[SUPPLIED DATA Boundary: Start]

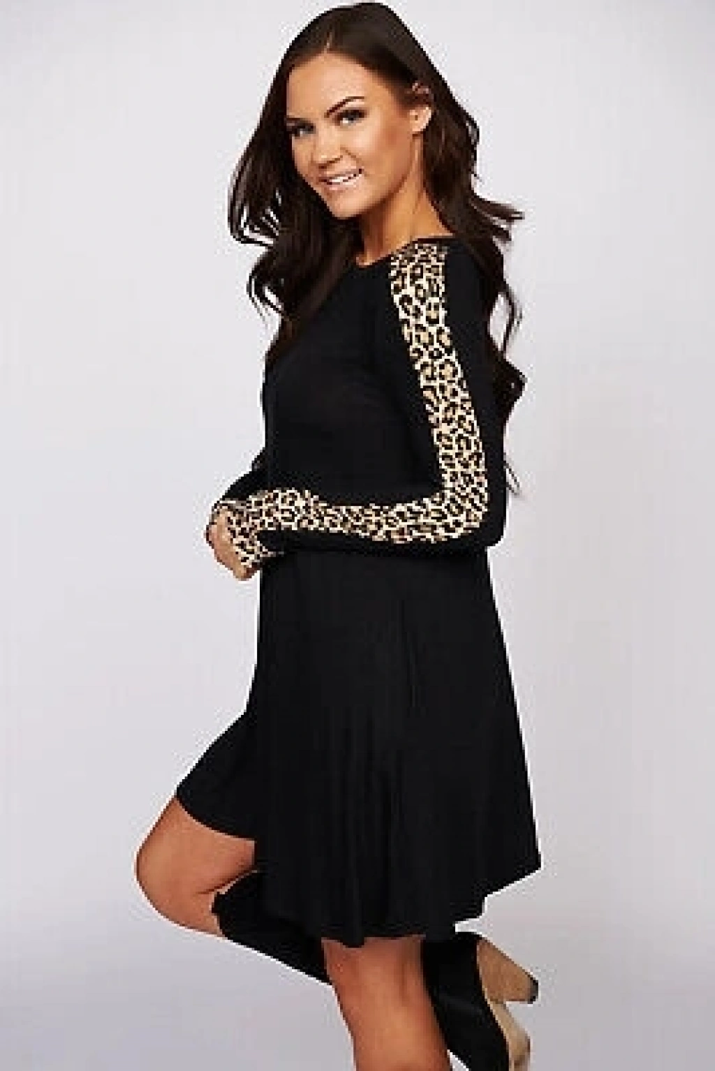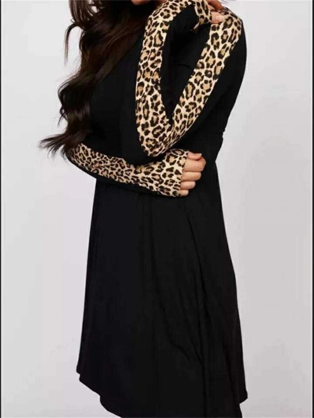 Kadın Uzun Kollu Bisiklet Yaka Kollar Leopar şeritli Salaş Iki Iplik Elbise
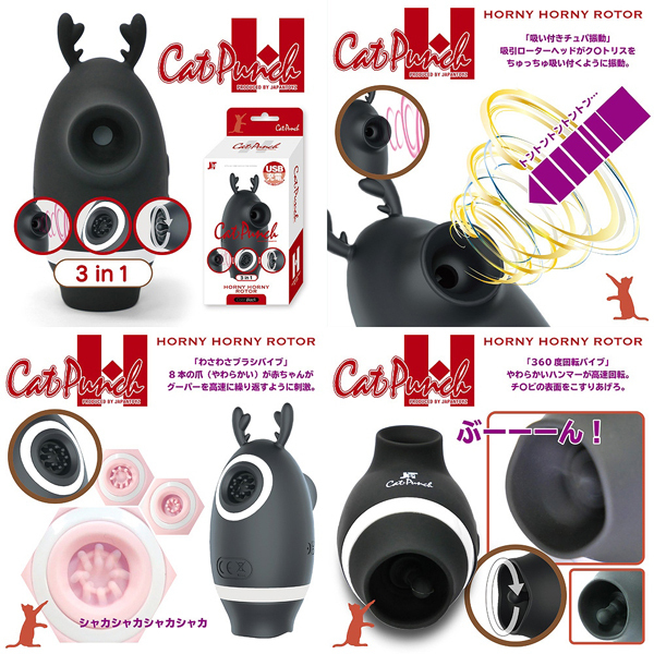 <USB充電>クリト〇ス吸引ローターに、2種類のニュータイプ性刺激ヘッドを追加した「3in1」ローター誕生。3種類の刺激が、コンパクトなボディを少し持ち変えるだけで楽しめます。強弱も「5段階」選択可能、3ヘッドと合わせて「合計15種類」のゼイタク仕様です。「吸い付きチュパ振動」吸引ローターヘッド「360度回転バイブ」ぐるぐる旋回振動ヘッド「わさわさブラシバイブ」高速わさわさヘッド
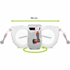 VONROC Dévidoir Automatique Avec Support Mural – Tuyau De 25M, Buse D’arrosage Et Raccords Inclus
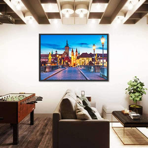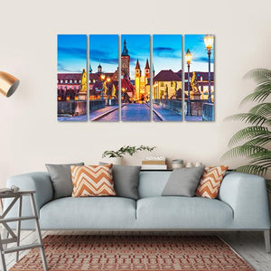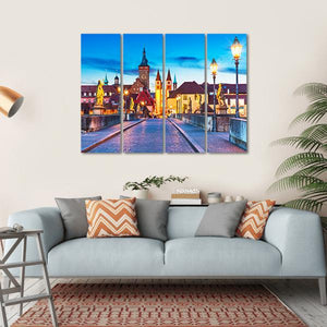 Capture the charm of Wurzburg with this canvas wall art featuring a historic bridge adorned with statues and street lamps. The peaceful, vibrant scene showcases a cobblestone street and intricate gothic architecture, creating a delightful atmosphere in any space.
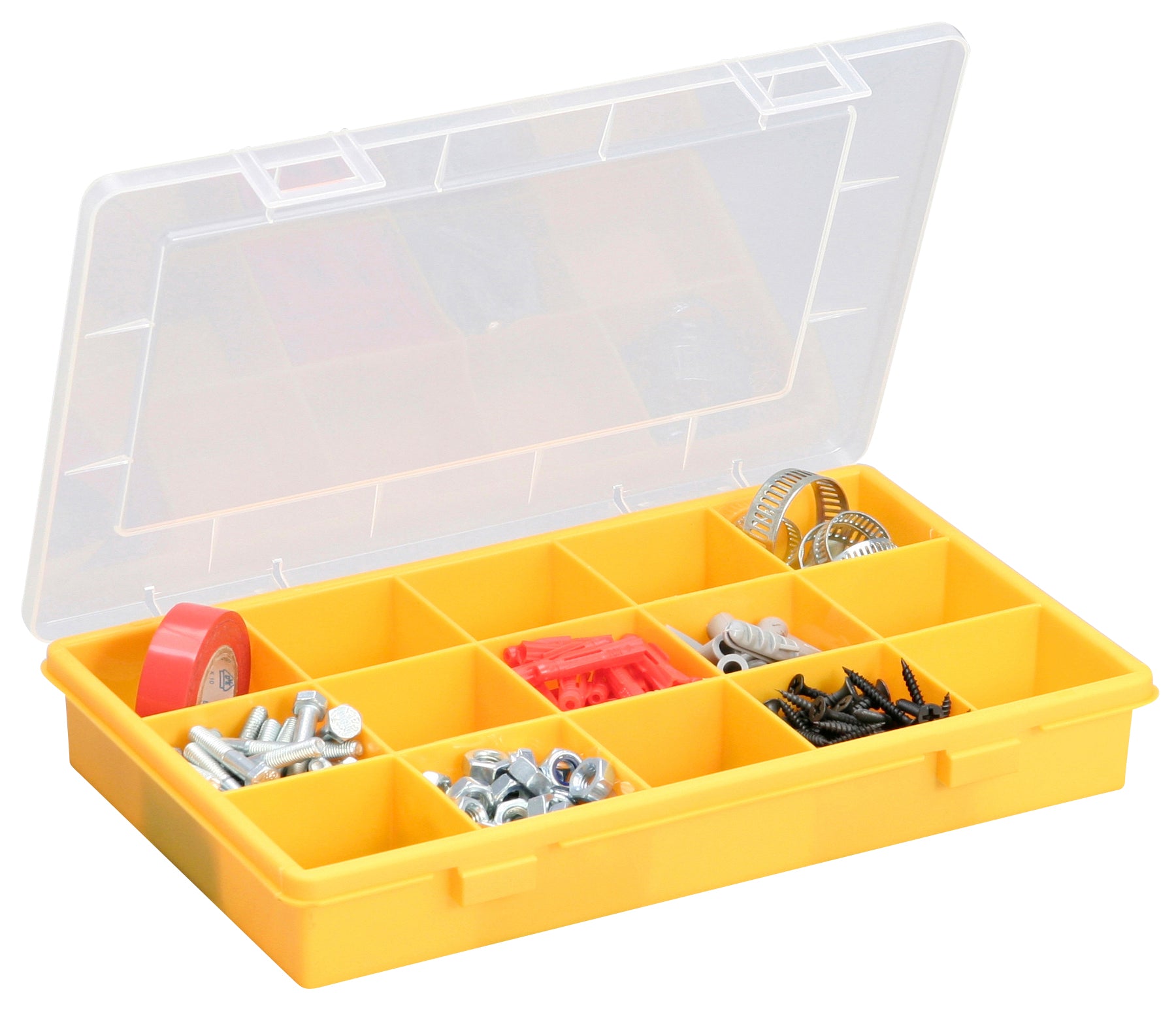 Hochschlagfestes Polypropylen, feste Einteilung.Sichere Sortierung: Fächer schließen fest mit transparentem Deckel ab.Transparenter Deckel, Inhalt immer sichtbar.Ausgestattet mit zwei selbstklebenden Etiketten zur individuellen Beschriftung....
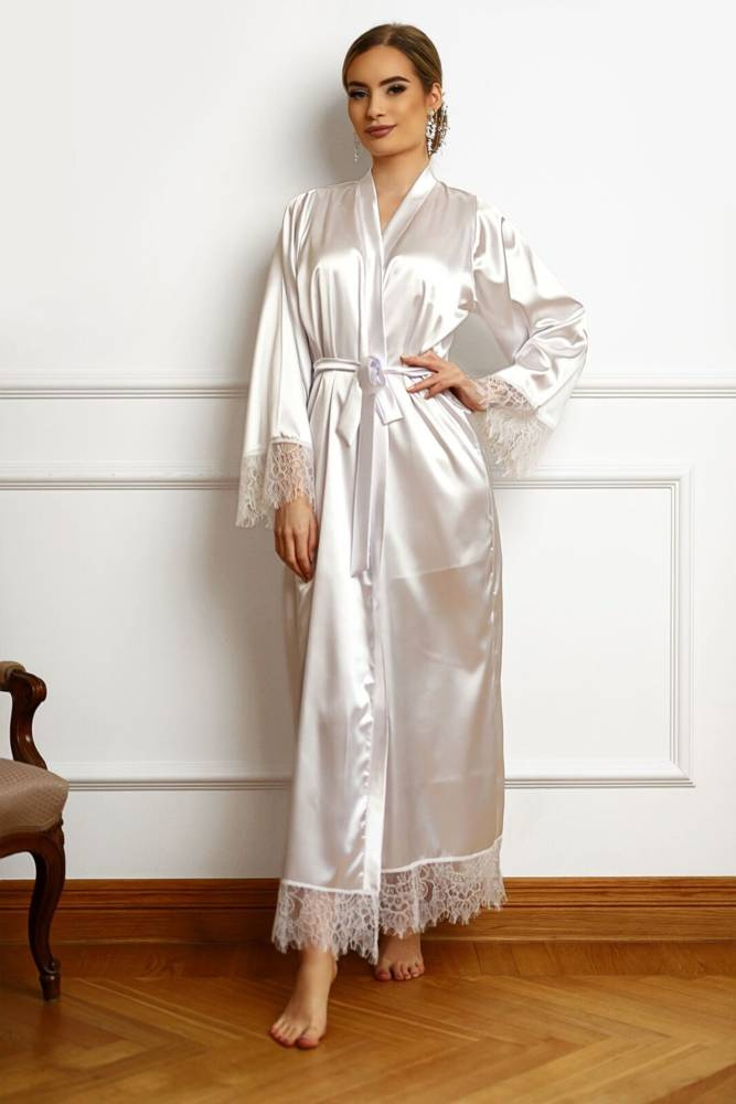 kraj produkcji: POLSKADługi szlafrok uszyty z delikatnej satyny. Dół szlafroka oraz rękawy wykończone subtelną koronką. Delikatność tkaniny sprawia, że każda kobieta poczuje się w nim komfortowo. Do szlafroka dołączony pasek. Model Eunika jest bardzo efektowny co sprawia, że każdy wieczór oraz poranek będzie miły oraz przyjemny.
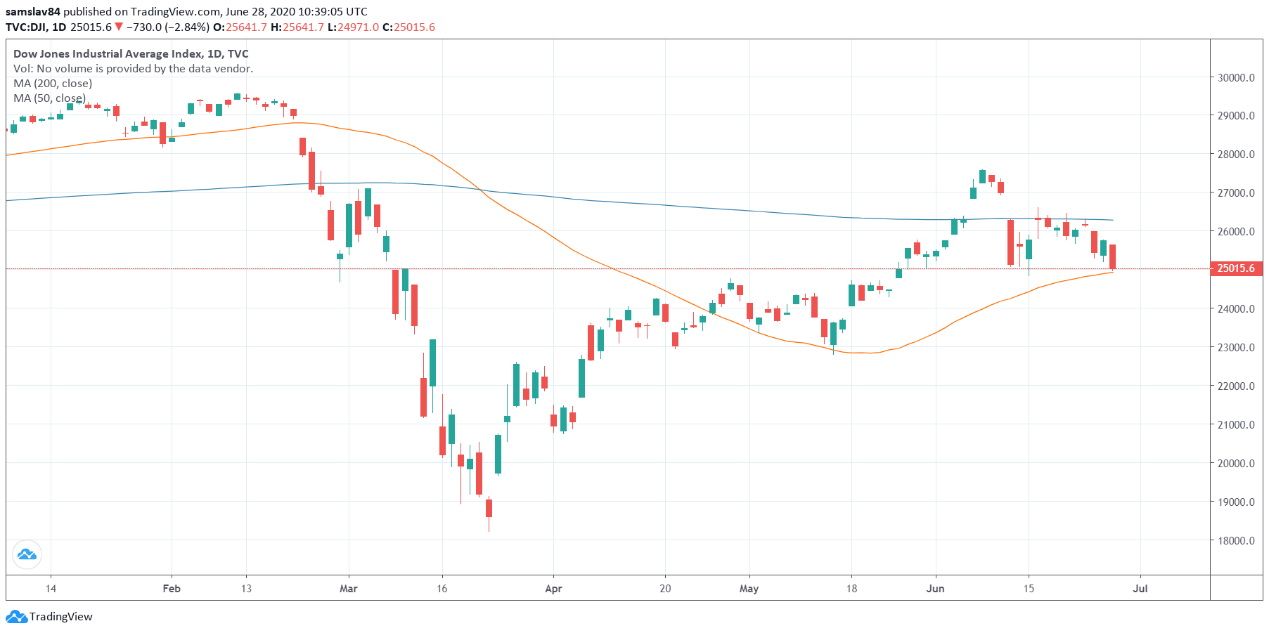 S&P 500 začal týždeň na hladine 3100 bodov a skončil tesne nad 3000. Dow Jones industrial Average je na tom podobne. Celkovo sa teda dívame na stratu 3,3% na akciových trhoch, a to aj napriek neustálej „stimulácii ekonomiky“ zo strany Fedu.

[SUPPLIED DATA Boundary: End]

WORK ORDER: None of the pictures belong in the copy; transcribe the rest of the data exactly.

RESULT OF THE TASK:
 Kadın Uzun Kollu Bisiklet Yaka Kollar Leopar şeritli Salaş Iki Iplik Elbise
 <USB充電>クリト〇ス吸引ローターに、2種類のニュータイプ性刺激ヘッドを追加した「3in1」ローター誕生。3種類の刺激が、コンパクトなボディを少し持ち変えるだけで楽しめます。強弱も「5段階」選択可能、3ヘッドと合わせて「合計15種類」のゼイタク仕様です。「吸い付きチュパ振動」吸引ローターヘッド「360度回転バイブ」ぐるぐる旋回振動ヘッド「わさわさブラシバイブ」高速わさわさヘッド
 VONROC Dévidoir Automatique Avec Support Mural – Tuyau De 25M, Buse D’arrosage Et Raccords Inclus
 Capture the charm of Wurzburg with this canvas wall art featuring a historic bridge adorned with statues and street lamps. The peaceful, vibrant scene showcases a cobblestone street and intricate gothic architecture, creating a delightful atmosphere in any space.
 Hochschlagfestes Polypropylen, feste Einteilung.Sichere Sortierung: Fächer schließen fest mit transparentem Deckel ab.Transparenter Deckel, Inhalt immer sichtbar.Ausgestattet mit zwei selbstklebenden Etiketten zur individuellen Beschriftung....
 kraj produkcji: POLSKADługi szlafrok uszyty z delikatnej satyny. Dół szlafroka oraz rękawy wykończone subtelną koronką. Delikatność tkaniny sprawia, że każda kobieta poczuje się w nim komfortowo. Do szlafroka dołączony pasek. Model Eunika jest bardzo efektowny co sprawia, że każdy wieczór oraz poranek będzie miły oraz przyjemny.
 S&P 500 začal týždeň na hladine 3100 bodov a skončil tesne nad 3000. Dow Jones industrial Average je na tom podobne. Celkovo sa teda dívame na stratu 3,3% na akciových trhoch, a to aj napriek neustálej „stimulácii ekonomiky“ zo strany Fedu.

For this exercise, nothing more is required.